Nearly three quarters of small to medium sized businesses (SMEs) in the UK believe in the ‘export led recovery’.

However a ‘knowledge gap’ and currency fluctuations are having a major impact on their confidence and bottom line in exporting, according to data released today in a new report from American Express FX International Payments.

The International Trade Tracker, which surveyed 1,500 SME business leaders in the UK, Australia and the United States of America, has revealed that the majority of UK SME business leaders have faith in an export led economic recovery and that they are not alone.
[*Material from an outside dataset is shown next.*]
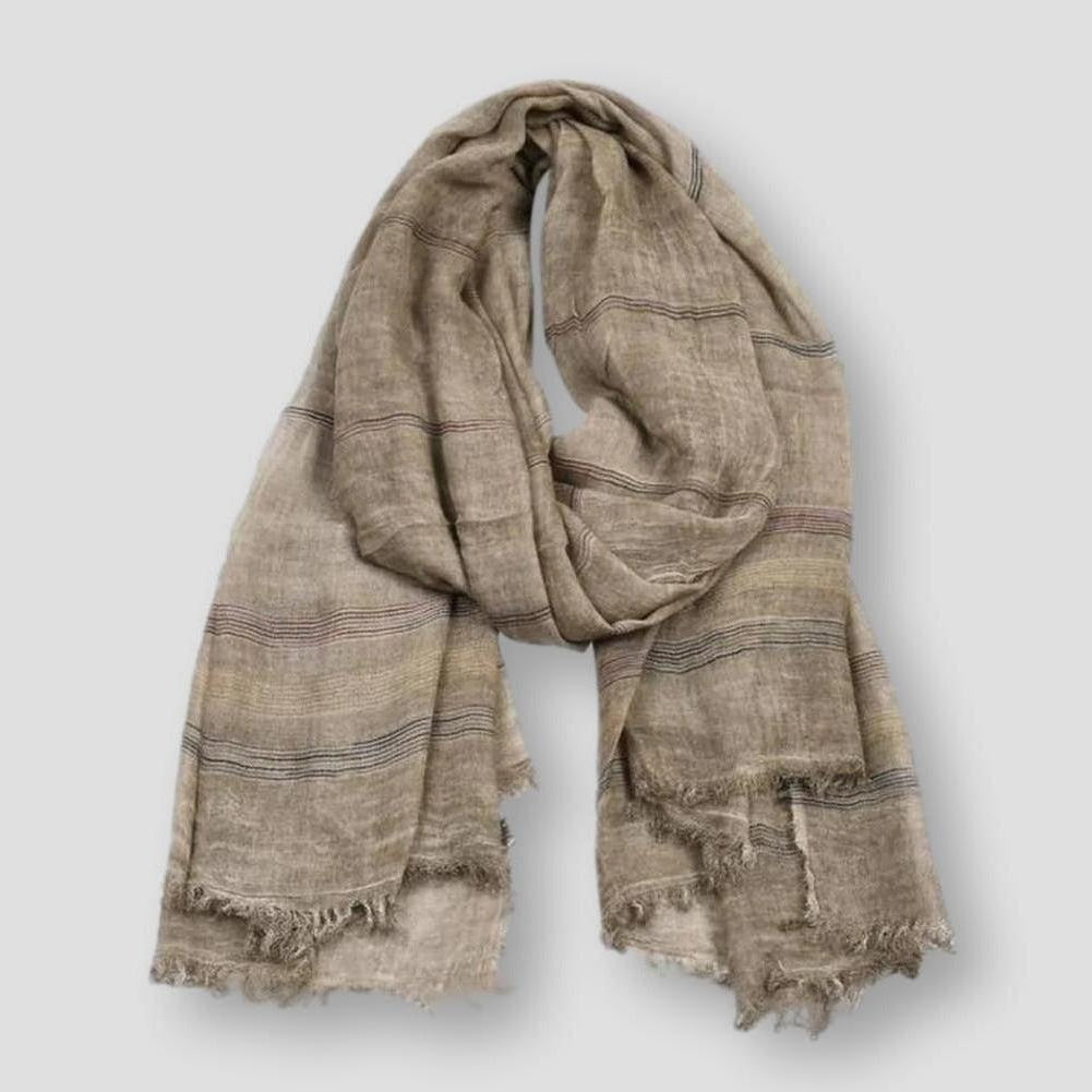 Soft linen blend furthers the casual-cool comfort of this stylish scarf. Complete with a subtle striped pattern and tassels, this lightweight scarf is the perfect accessory to refresh any outfit year-round.

Indeed, 82 per cent of Australian SMEs believe in an export led recovery and 74 per cent in the US.

However, the UK seems to be the most affected by the current economic climate, with nearly a quarter (23 per cent) saying they are looking to decrease their international trade activity as a result of concerns surrounding a number of issues including currency fluctuations and red tape.
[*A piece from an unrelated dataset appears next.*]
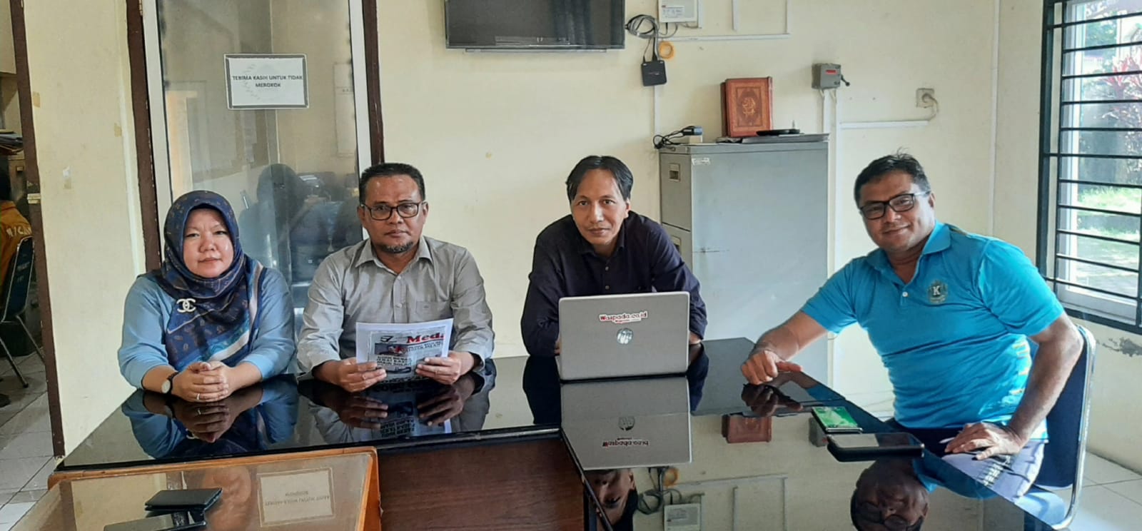 Ketua Panpel Sugiatmo didampingi Sekretaris Austin Tumengkol, Bendahara Marini Rizka Handayani, dan Sie Acara David Swayana usai rapat panitia di kantor PWI Sumut, Selasa (31/10).

This is compared to 13 per cent and 15 per cent respectively for their Australian and US counterparts. Indeed, the Tracker revealed over a third of UK SMEs (36 per cent) say their confidence in operating on an international scale has diminished.

Currency Concerns

Much of this declining confidence centres on currency fluctuations, which stood out as the leading concern across all three markets. Over half (56 per cent) of UK SMEs said the reason for decreased confidence in trading internationality is as a result of the volatility of the Euro.
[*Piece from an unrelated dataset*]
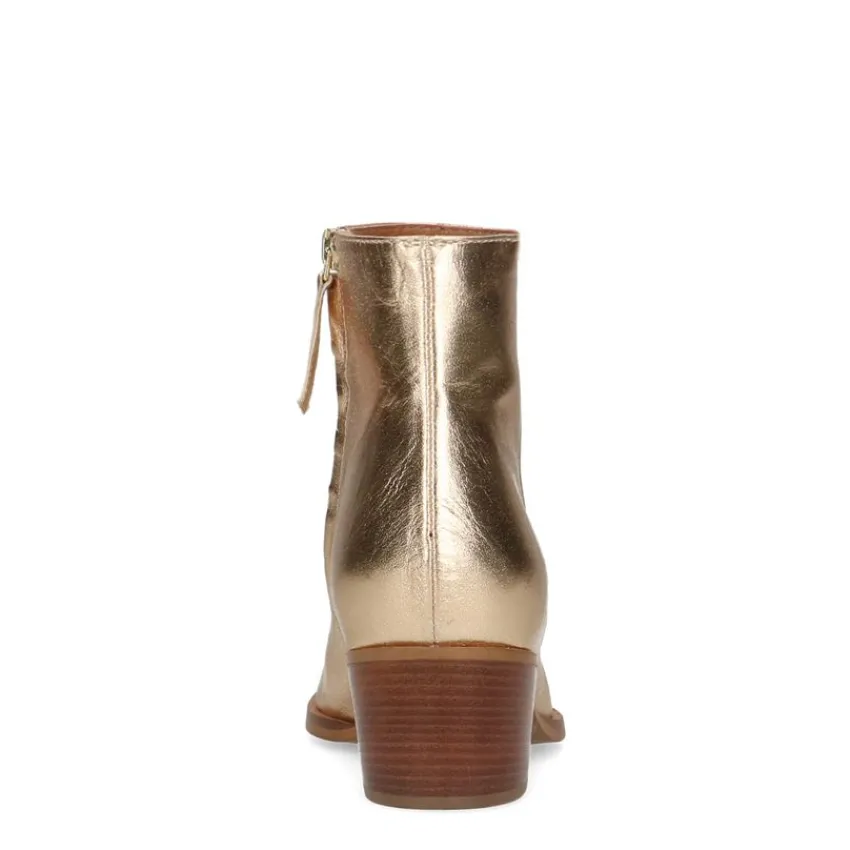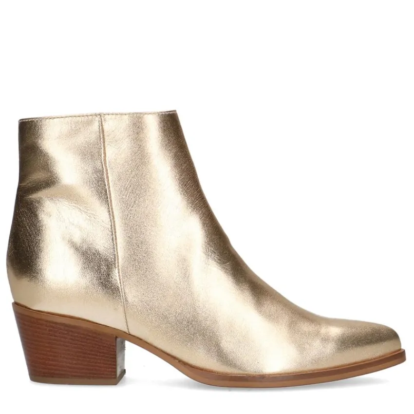 Goudkleurige leren enkellaarsjes van Manfield met een puntige neus en platte hak van 3 cm. We adviseren als verzorging en bescherming de Collonil Carbon Pro of metallic spray.

“Entrepreneurs are natural risk takers, but currency risk is an area where they shouldn’t feel unnecessarily exposed, especially if it means hesitating before pursuing international business opportunities, so tools to help manage and mitigate currency risk are an absolute must-have in my view,” Julie Meyer, SME expert and ‘Dragon’ for Dragon’s Den online, said in support of the study.

With the International Trade Tracker revealing that the UK ‘trade capitals’ (those countries to which most UK SMEs export) are all Euro denominated countries – Germany, Spain and Poland – concerns about the fluctuation of the Euro is likely to impact directly the confidence in which SMEs will trade in Europe and, in turn, hinder the chances of an export led recovery.

“After a tempestuous year for currencies, it’s not surprising that currency fluctuations are the number one concern for SMEs trading internationally. For example, since the beginning of 2011, the US dollar has weakened by over seven percent against Sterling,” Rocco Magno, General Manager, American Express FX International Payments, said.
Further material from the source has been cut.